──────── Data below ────────

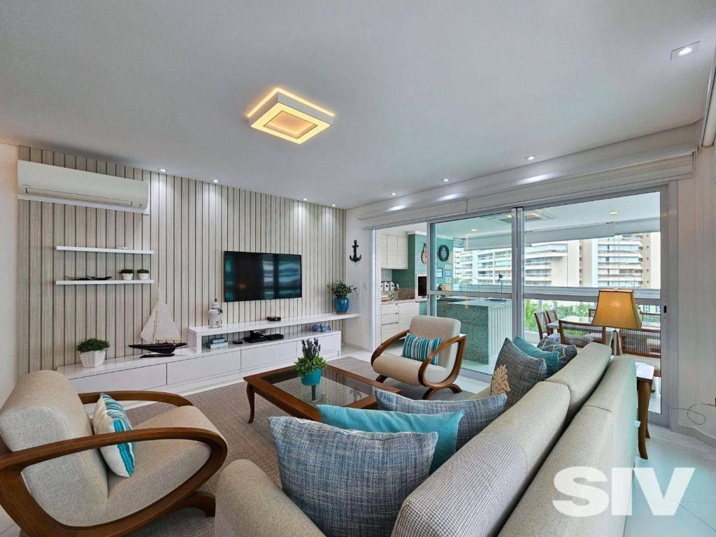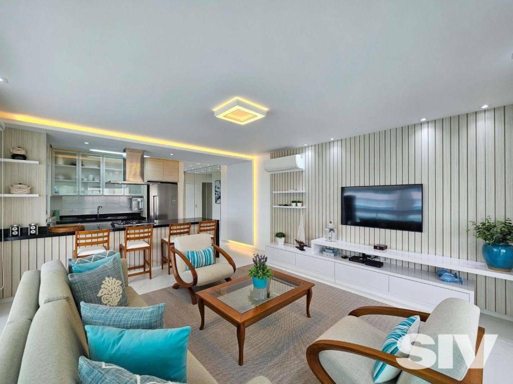 Lindamente decorado e mobiliado, esse apartamento impecável é perfeito para quem busca fugir da agitação do dia a dia e desfrutar da brisa fresca do mar e do som das ondas da Riviera de São Lourenço. Com 158 m² de área útil, 3 suítes, living para 2 ambientes, área de serviço e 2 vagas de garagem, é a grande oportunidade de ter seu próprio pedacinho do paraíso! Relaxe na piscina, pratique esportes na academia ou faça um churrasco na área gourmet do prédio que também conta com brinquedoteca, salão de festas, salão de jogos e sauna. APARTAMENTO para Venda em RIVIERA DE SÃO LOURENÇO - BERTIOGA com 158 m2 de área útil, 3 dormitório(s), 3 suíte(s) e 2 vaga(s).
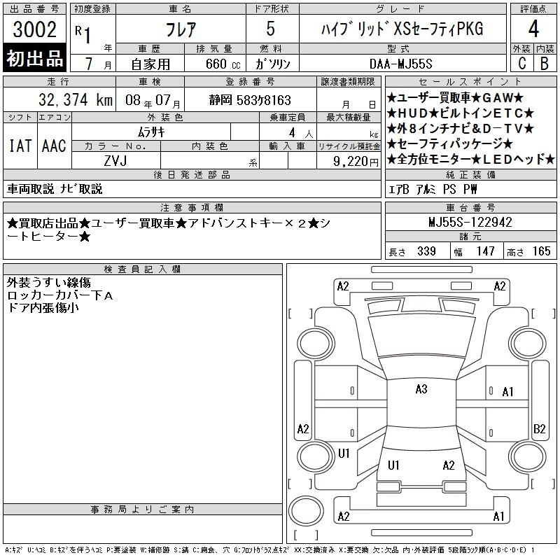 Статус выставлен на аукцион Лот 3002 Аукцион CAA Chubu Дата аукциона 11.03.2026
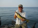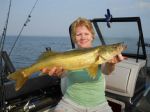 I'm in a pissy mood right now. I don't mind a couple nice fish coming unhooked, but losing 5 really ticks me off . My wife Theresa and I fished today from 2:00 until about 7:00 this evening and ended up landing 3 nice walleye that were 20, 20 1/2, and 24 inches. Still, we should have had 8!!! I have no idea why we couldn't keep them on the line. I made a few casts for pike on the way in and had two misses and landed one. The first walleye came on the outside board which had gotten up into about 12 feet of water. We decided to drop the boards and try and follow the contour of the drop off and just hand hold the rods. The fish were really relating to the weeds along the drop off. It worked really good, we just could not keep the hooks in them. Theresa was excited because we were catching the fish on a hatchet blade she picked up down in Green Bay. I'll try and get a picture of it tomorrow and post it because it was easily the best color today. I think it's very similar to Walleye's Choice I-80 if I remember correctly. Time for bed, good night folks...
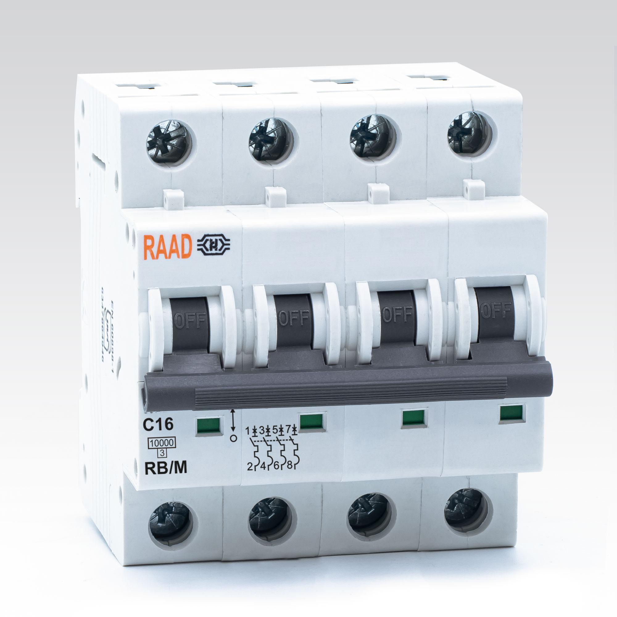 خرید مستقیم از کارخانه کلید مینیاتوری 4 پل 16 آمپر | 10 کیلوآمپر | AC | تیپ C رعد الکتریک

────────

Please set down, word for word, the lines starting at the line that holds "Статус выставлен на" and running to the end of the listing, with no pictures.

Output:
 Статус выставлен на аукцион Лот 3002 Аукцион CAA Chubu Дата аукциона 11.03.2026
 I'm in a pissy mood right now. I don't mind a couple nice fish coming unhooked, but losing 5 really ticks me off . My wife Theresa and I fished today from 2:00 until about 7:00 this evening and ended up landing 3 nice walleye that were 20, 20 1/2, and 24 inches. Still, we should have had 8!!! I have no idea why we couldn't keep them on the line. I made a few casts for pike on the way in and had two misses and landed one. The first walleye came on the outside board which had gotten up into about 12 feet of water. We decided to drop the boards and try and follow the contour of the drop off and just hand hold the rods. The fish were really relating to the weeds along the drop off. It worked really good, we just could not keep the hooks in them. Theresa was excited because we were catching the fish on a hatchet blade she picked up down in Green Bay. I'll try and get a picture of it tomorrow and post it because it was easily the best color today. I think it's very similar to Walleye's Choice I-80 if I remember correctly. Time for bed, good night folks...
 خرید مستقیم از کارخانه کلید مینیاتوری 4 پل 16 آمپر | 10 کیلوآمپر | AC | تیپ C رعد الکتریک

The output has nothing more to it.